Ladies Drawing Night: Make Art, Get Inspired, Join the Party
by Julia Rothman, Leah Goren and Rachael Cole



Chronicle Books, 2016. ISBN 978-1-452-14700-0.
Reviewed by Mary Ann Moore
Posted on 05/23/2017

Nonfiction: Creative Life; Nonfiction: Arts/Crafts

Ladies Drawing Night is so visually appealing that I kept looking at the photographs and art work for a long while before actually reading the book. Kate Edwards, a photographer from Brooklyn, took photographs of the women who created the art and their various art projects, completed and in progress.

The three women author/artists who wrote the book (as well as friends and guest artists who contributed) followed themes at their gatherings. The photos show the results of fashion illustrations, collages, repeated patterns, cardboard constructions, hand lettering, figure drawing and collaborations with children. All of the content was put together very attractively by designer Jenny Volvovski.

Julia Rothman, Leah Goren and Rachael Cole "design, illustrate, and draw to pay the rent." Drawing nights are free time when they can make what they want.

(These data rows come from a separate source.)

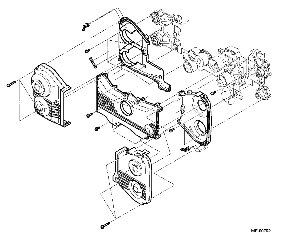 - The belt cover is made of lightweight, heat resistant synthetic resin molding. It constitutes a totally enclosed housing with its cylinder block mating edges sealed with rubber gaskets. This effectively protects the inside components from dust and liquid.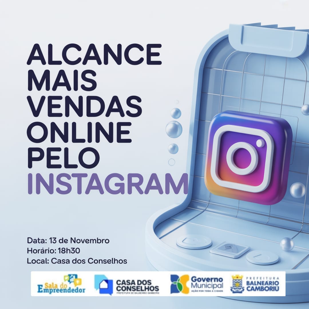 Na próxima semana, a Prefeitura de Balneário Camboriú promoverá uma oficina gratuita sobre vendas para moradores que empreendem ou têm interesse em empreender. A atividade “Alcance mais Vendas On-line pelo Instagram” será na Casa dos Conselhos (Rua 1822, nº 1510, Centro), dia 13, às 18h30.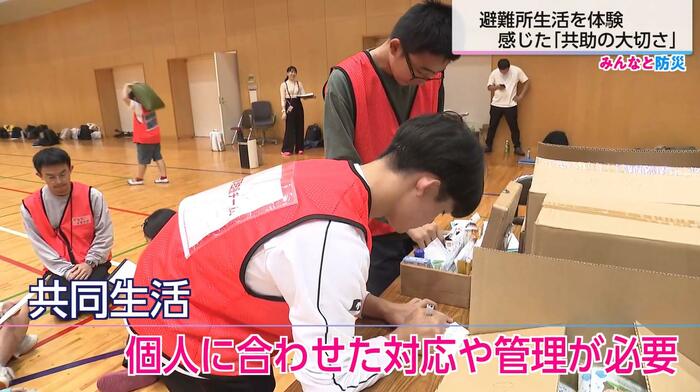 避難所生活の体験イベントは宮崎県が企画し、南九州大学宮崎キャンパスで行われた。災害発生時に開設される避難所での生活を、参加者が運営面も含めて体験できるものだ。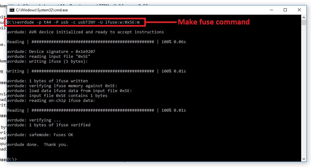 I soldered the servo board, connected it to the FabISB programmer and started with making fuse, to command the attiny44 to use the external crystal.
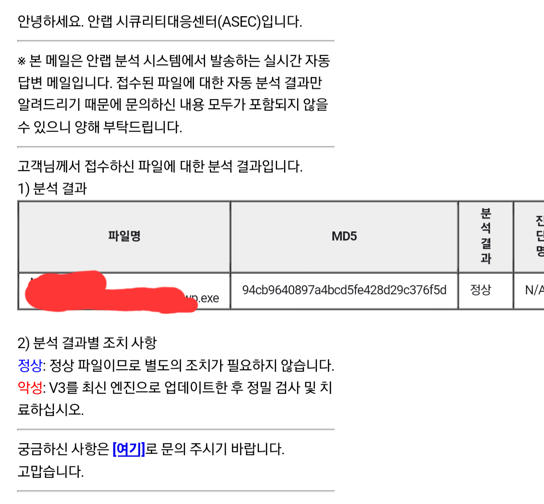 ※ 본 메일은 안랩 분석 시스템에서 발송하는 실시간 자동답변 메일입니다. 접수된 파일에 대한 자동 분석 결과만 알려드리기 때문에 문의하신 내용 모두가 포함되지 않을 수 있으니 양해 부탁드립니다.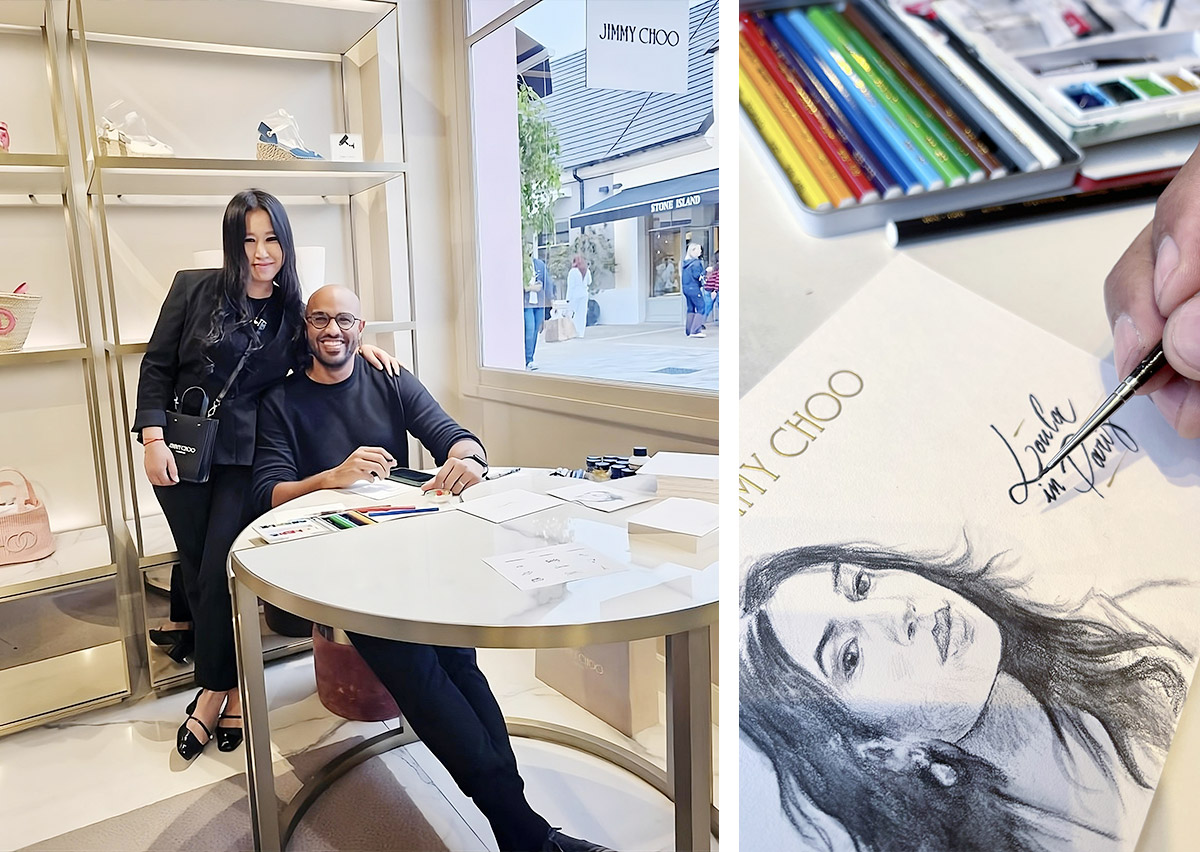 In the world of luxury retail, personalization has become one of the most powerful tools for creating memorable customer experiences. Graffeur Paris Dubai partnered once again with Jimmy Choo to bring a refined and intimate artistic activation directly into the heart of the boutique: live portrait sketching sessions for clients. This exclusive experience invited customers to sit with a professional artist, who captured their essence in elegant, hand-drawn portraits — an interaction that turned each visit into an unforgettable artistic encounter.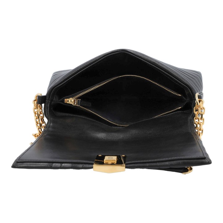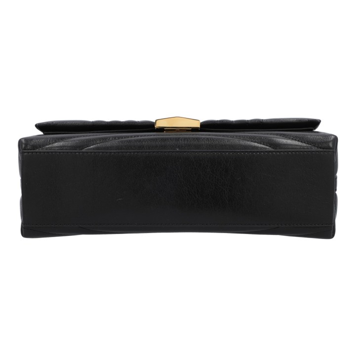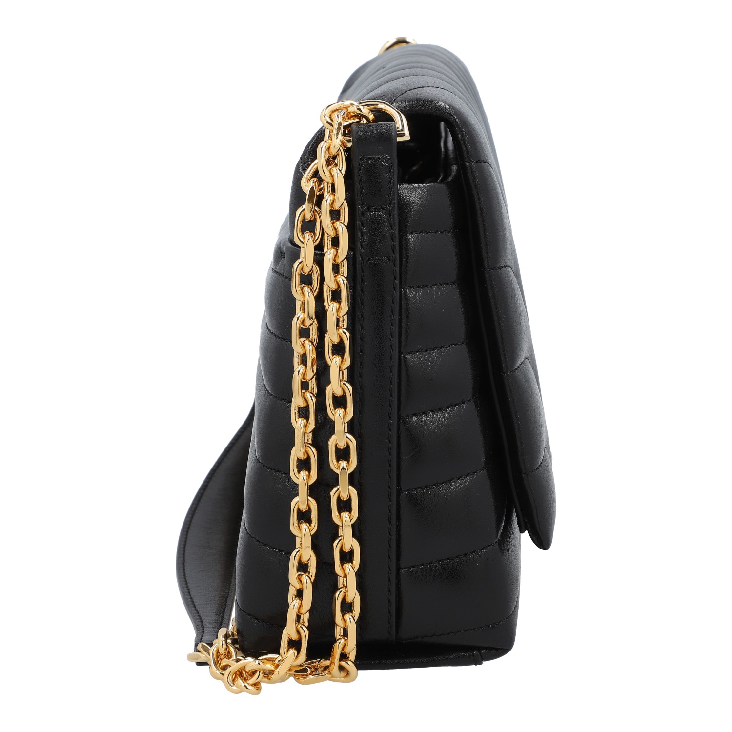 Wattiertes Leder in Schwarz mit feiner Narbung un ddekorativem Steppmuster. Hardware in Goldfarben. Überschlag mit magnetischem Verschluss, Innenfutter aus Textil, Hauptfach unterteilt in mehrere Fächer. Sehr guter Erhalt. Staubbeutel anbei. 28x9x18cm.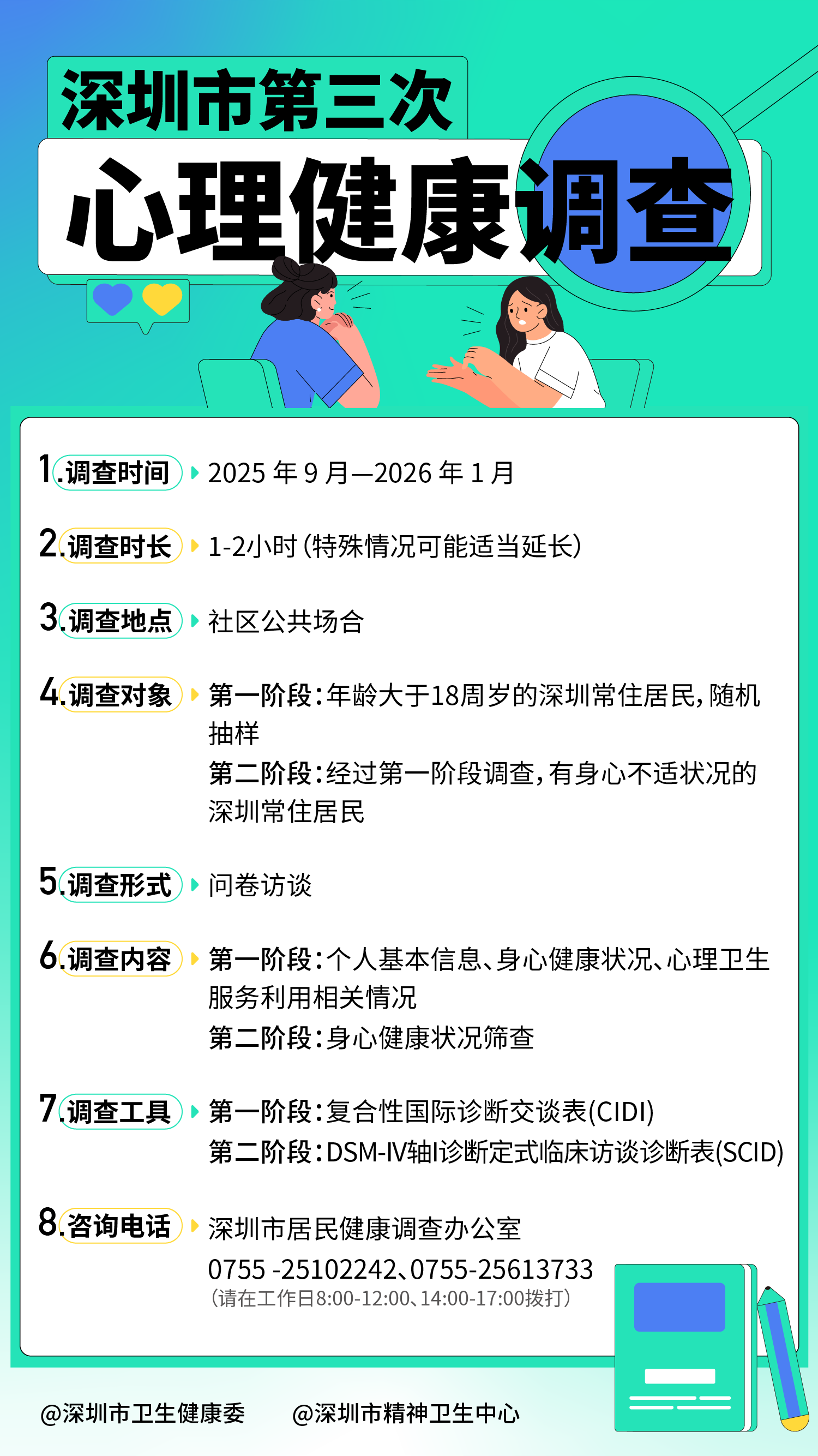 心理健康和精神卫生关系人民健康幸福和经济社会发展,为掌握市民最新“心理画像”,给相关政策制定提供科学依据,今年8月,深圳启动第三次心理健康调查。深圳市卫健委牵头5个部门,在全市78个街道和725个社区,随机抽取11940名18岁及以上的常住居民接受调查。241名具有公共卫生、精神卫生、社会工作、心理相关背景的专业人员,已通过统一培训正式“上岗”,预计在2026年2月完成本次“流调”。
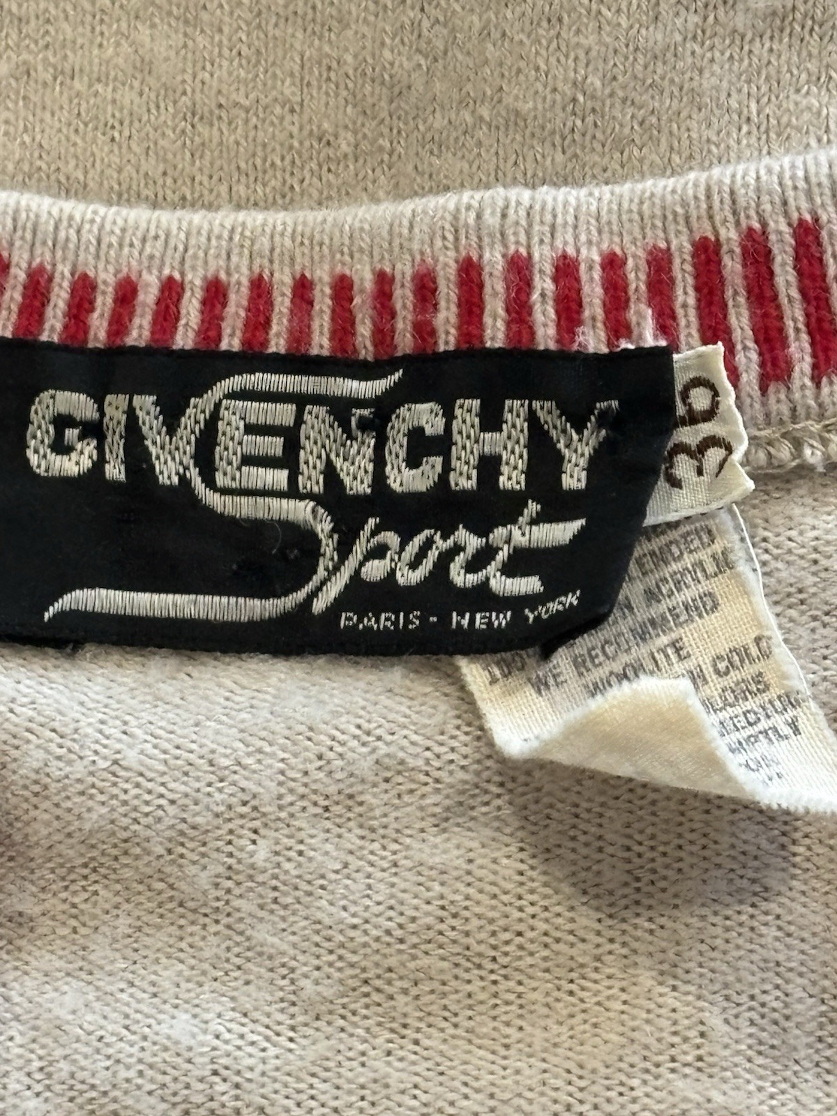 как выглядит vintage givenchy sport womeens beige button cardigan with red trim фото

They have fun, experiment with different media, discuss work as well as their personal lives when they get together.

The book describes ten "ladies drawing nights." Talented guest artists were invited to each. Instructions are included in each session so readers can create their own drawing nights. Supply lists for the particular project themes are also outlined.

"Drawing on Style" was held in Joana Avillez's loft in Tribeca, Manhattan. She works on fashion-related illustrations and was the guest artist/instructor for the evening along with Lauren Tamaki who is an illustrator, trained in traditional sewing and pattern drawing.

Drawing clothing turned out to be fun for the participants and "the more weird the clothing, the more fun it is to draw," Rothman says. The photograph of the table shows snacks, wine bottles and glasses along with books for inspiration, paints and brushes.

It's fun to see the works in progress and then the .takeaway," when the final results are revealed. The finished art work is often whimsical,such as the collages created at the "Cut and Paste" night at Cole's apartment in Fort Greene, Brooklyn. The "Cardboard City" created in an artist's studio in Greenpoint, Brooklyn was a challenge that involved cutting cardboard with X-Acto blades.but worth it. The results are imaginative and colourful in the form of buildings, vehicles, and trees.

"Kidding Around," the final chapter, was a collaboration with children. The theme was a fantasy zoo and the children were encouraged rather than directed in their painting and drawing.

This is such a good idea: getting together with friends, inviting artists for some instruction, and collaborating for the fun of it. Most of us wish we could create a unique piece of art but are afraid to try. With others nearby, it's not so daunting. Guidelines are included for holding your own "ladies drawing nights." This book can become one of the main tools of inspiration.


Julia Rothman is an illustrator, pattern designer, and author. She has authored and coauthored six books including Hello NY. Visit her website. Leah Goren is an illustrator and surface designer. In her popular webshop she sells hand-built ceramics, artwork, scarves, and bags made with her original print designs. Visit her website. Rachael Cole works as an art director at Schwartz & Wade Books, an imprint of Random House Children's Books. She is a talented surface designer and active member of the illustration community as a teacher, advisor, and juror. Visit her website. All three women live in Brooklyn.